[Extracted data entries]
□ □ □
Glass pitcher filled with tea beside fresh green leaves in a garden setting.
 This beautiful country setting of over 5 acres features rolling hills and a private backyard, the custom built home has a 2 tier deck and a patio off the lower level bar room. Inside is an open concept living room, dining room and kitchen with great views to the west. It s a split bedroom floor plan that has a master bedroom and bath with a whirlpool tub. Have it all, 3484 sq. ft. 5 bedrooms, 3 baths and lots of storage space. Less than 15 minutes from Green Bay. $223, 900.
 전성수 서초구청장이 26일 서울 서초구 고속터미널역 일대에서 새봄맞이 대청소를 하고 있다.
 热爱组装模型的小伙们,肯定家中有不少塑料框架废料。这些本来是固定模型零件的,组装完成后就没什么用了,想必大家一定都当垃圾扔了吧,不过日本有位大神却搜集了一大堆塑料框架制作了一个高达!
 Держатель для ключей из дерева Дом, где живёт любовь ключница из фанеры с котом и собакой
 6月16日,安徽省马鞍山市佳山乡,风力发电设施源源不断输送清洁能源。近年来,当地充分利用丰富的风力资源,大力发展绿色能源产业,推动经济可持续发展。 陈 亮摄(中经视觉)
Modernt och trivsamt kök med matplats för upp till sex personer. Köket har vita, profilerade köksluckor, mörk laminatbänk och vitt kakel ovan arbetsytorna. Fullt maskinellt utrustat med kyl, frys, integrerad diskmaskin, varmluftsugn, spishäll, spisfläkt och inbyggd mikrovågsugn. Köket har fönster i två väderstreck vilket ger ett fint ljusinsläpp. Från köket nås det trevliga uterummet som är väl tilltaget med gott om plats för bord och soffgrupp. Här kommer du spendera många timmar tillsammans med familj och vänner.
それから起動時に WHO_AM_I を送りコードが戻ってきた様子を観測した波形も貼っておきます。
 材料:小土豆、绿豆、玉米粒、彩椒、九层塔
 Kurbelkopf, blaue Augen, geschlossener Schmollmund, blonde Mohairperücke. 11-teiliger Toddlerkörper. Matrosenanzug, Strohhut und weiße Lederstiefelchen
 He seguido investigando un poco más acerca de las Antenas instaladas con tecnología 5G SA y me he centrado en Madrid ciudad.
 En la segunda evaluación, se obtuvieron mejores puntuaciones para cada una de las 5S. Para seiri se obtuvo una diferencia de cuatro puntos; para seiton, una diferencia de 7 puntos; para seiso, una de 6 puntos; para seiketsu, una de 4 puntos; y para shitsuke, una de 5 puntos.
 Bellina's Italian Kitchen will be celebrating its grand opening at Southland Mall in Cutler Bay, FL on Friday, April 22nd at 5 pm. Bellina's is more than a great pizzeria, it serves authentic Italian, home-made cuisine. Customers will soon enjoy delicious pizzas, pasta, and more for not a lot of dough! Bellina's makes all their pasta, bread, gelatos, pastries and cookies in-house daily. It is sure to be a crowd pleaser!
□ □ □
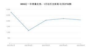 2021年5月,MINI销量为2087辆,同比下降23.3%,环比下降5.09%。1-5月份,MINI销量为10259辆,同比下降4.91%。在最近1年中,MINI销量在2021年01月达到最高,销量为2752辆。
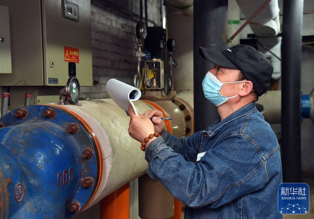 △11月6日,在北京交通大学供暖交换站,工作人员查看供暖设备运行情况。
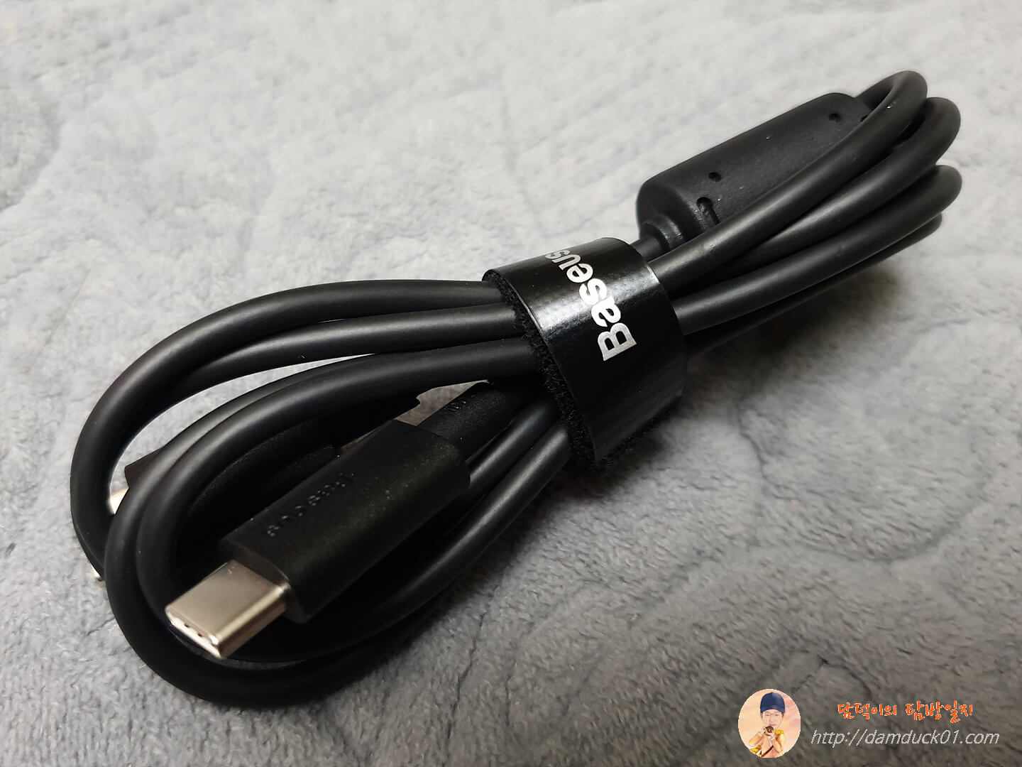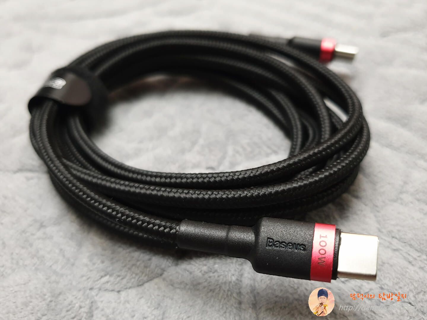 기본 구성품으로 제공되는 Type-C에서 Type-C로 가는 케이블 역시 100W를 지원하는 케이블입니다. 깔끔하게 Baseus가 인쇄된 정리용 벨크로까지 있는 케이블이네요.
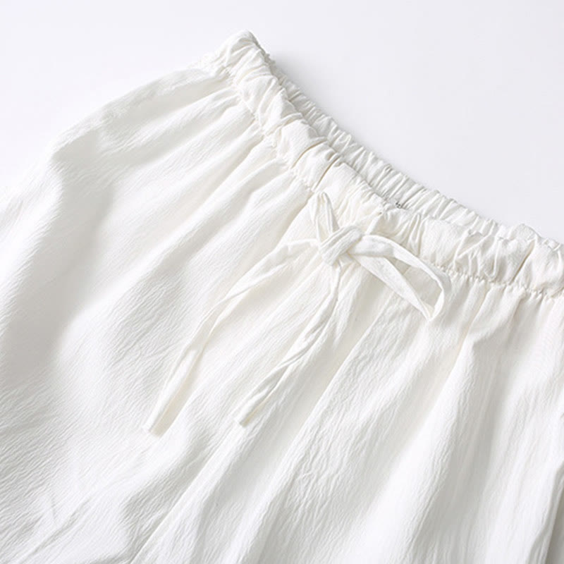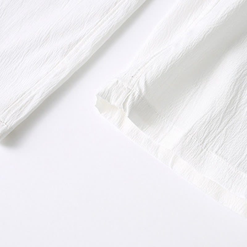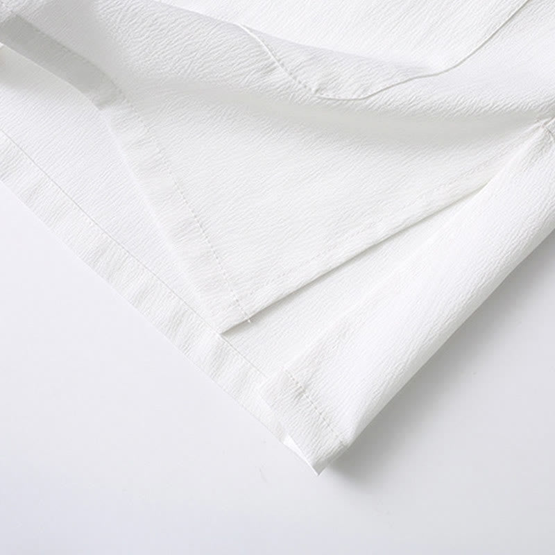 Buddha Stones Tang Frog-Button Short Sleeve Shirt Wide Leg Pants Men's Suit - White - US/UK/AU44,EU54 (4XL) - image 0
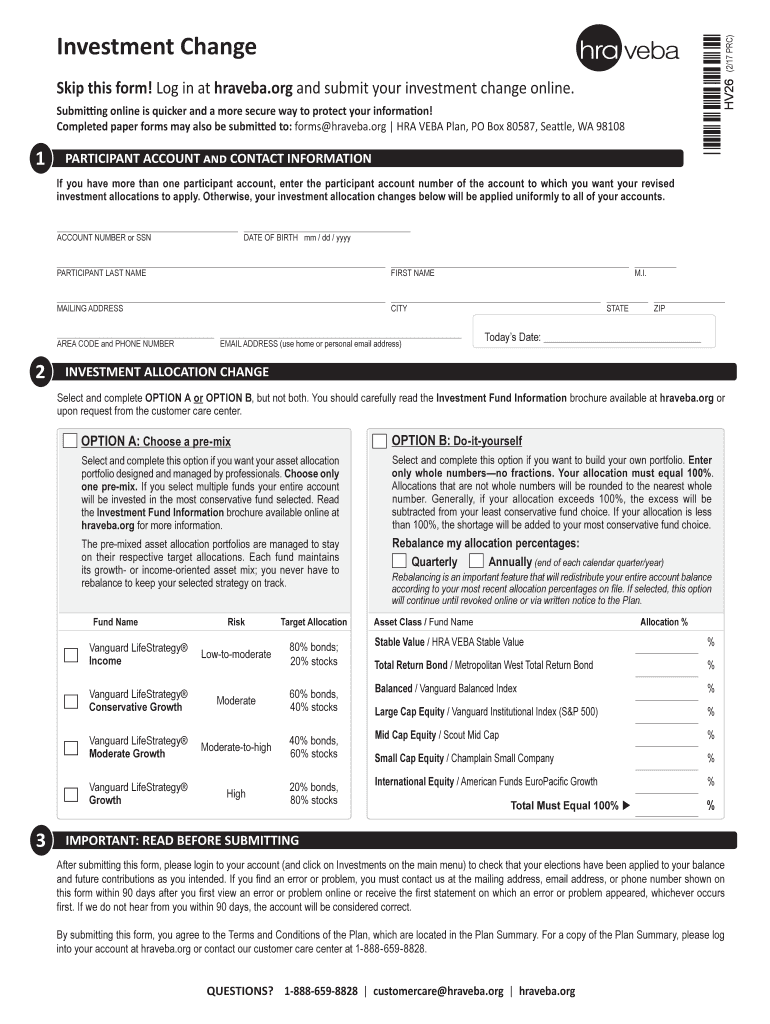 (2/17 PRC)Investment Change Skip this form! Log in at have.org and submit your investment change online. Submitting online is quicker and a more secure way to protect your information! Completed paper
□ □ □
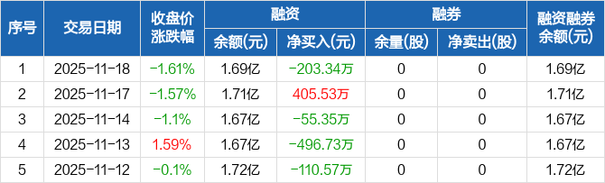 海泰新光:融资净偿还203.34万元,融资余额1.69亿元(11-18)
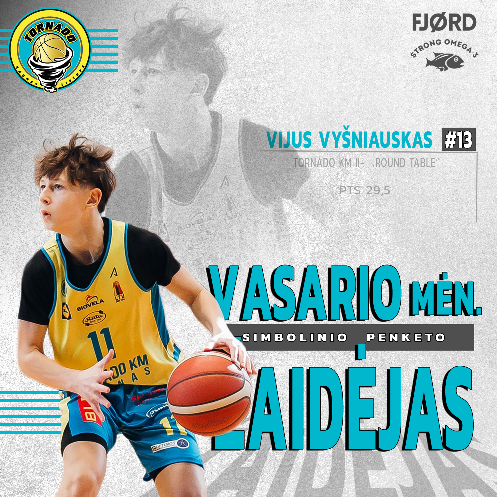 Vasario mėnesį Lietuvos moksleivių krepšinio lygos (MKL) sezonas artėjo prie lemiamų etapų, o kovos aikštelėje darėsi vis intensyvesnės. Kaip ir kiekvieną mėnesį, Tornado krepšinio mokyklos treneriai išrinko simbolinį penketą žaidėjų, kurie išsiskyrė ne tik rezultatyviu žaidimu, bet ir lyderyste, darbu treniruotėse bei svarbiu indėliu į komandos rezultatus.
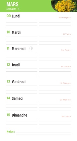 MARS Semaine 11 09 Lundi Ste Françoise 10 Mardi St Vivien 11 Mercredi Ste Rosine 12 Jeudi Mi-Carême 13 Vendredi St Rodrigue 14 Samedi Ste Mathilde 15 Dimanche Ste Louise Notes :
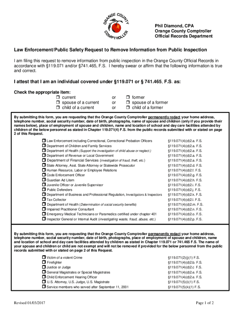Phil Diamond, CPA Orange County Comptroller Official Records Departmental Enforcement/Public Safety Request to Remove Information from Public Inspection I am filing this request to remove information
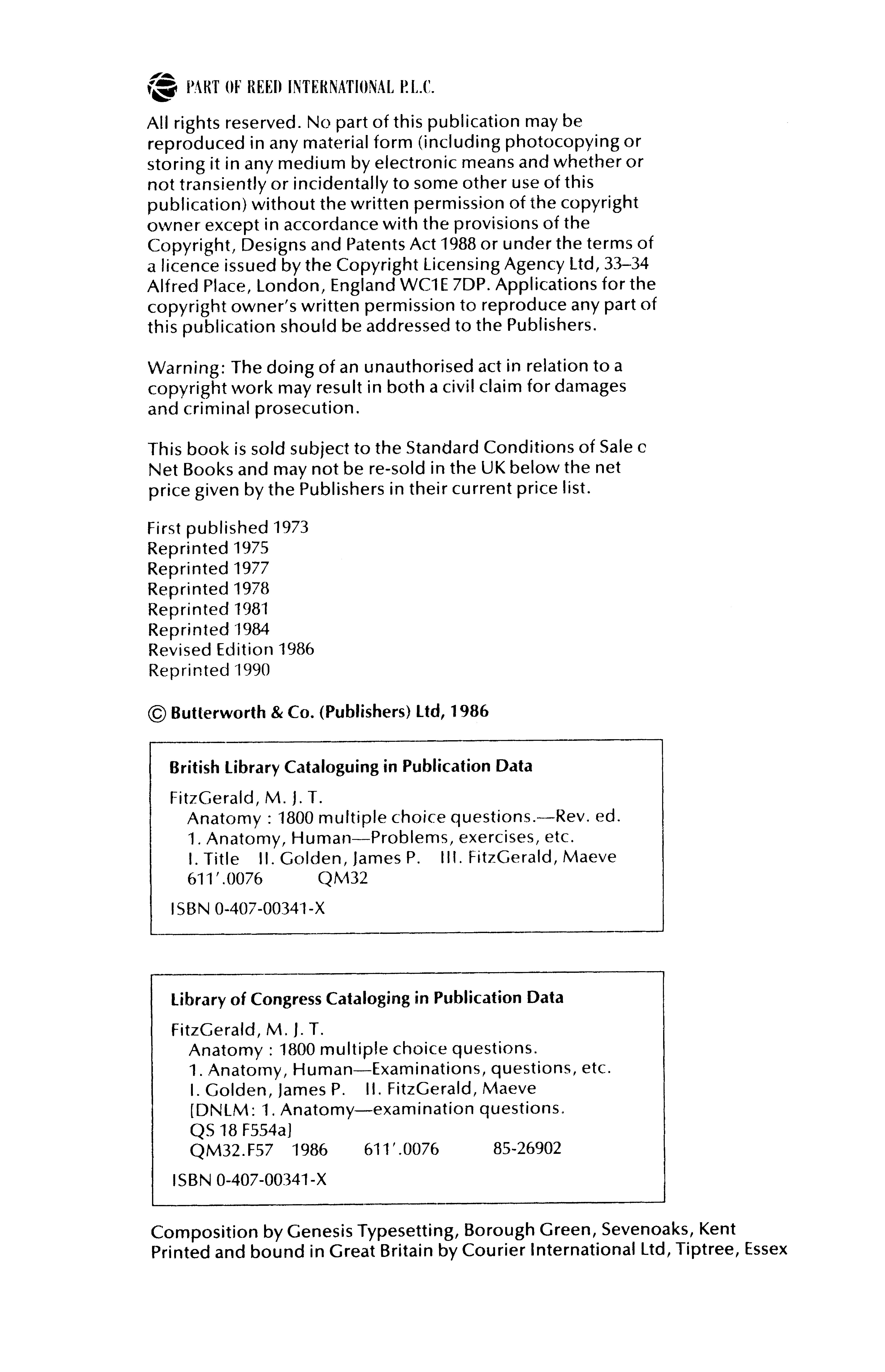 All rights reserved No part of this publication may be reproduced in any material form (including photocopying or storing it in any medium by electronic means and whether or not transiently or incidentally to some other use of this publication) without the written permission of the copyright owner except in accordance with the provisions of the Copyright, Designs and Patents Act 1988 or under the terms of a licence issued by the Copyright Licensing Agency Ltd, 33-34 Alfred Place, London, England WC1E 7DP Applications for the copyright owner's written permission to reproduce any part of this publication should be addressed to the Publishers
□ □ □
§ **Prompt**: One stretch of the lines above is wanted, from the line that contains "Kurbelkopf, blaue Augen, geschlossener" through the line that contains "He seguido investigando". Output it exactly.

§ **Solved problem**:
 Kurbelkopf, blaue Augen, geschlossener Schmollmund, blonde Mohairperücke. 11-teiliger Toddlerkörper. Matrosenanzug, Strohhut und weiße Lederstiefelchen
 He seguido investigando un poco más acerca de las Antenas instaladas con tecnología 5G SA y me he centrado en Madrid ciudad.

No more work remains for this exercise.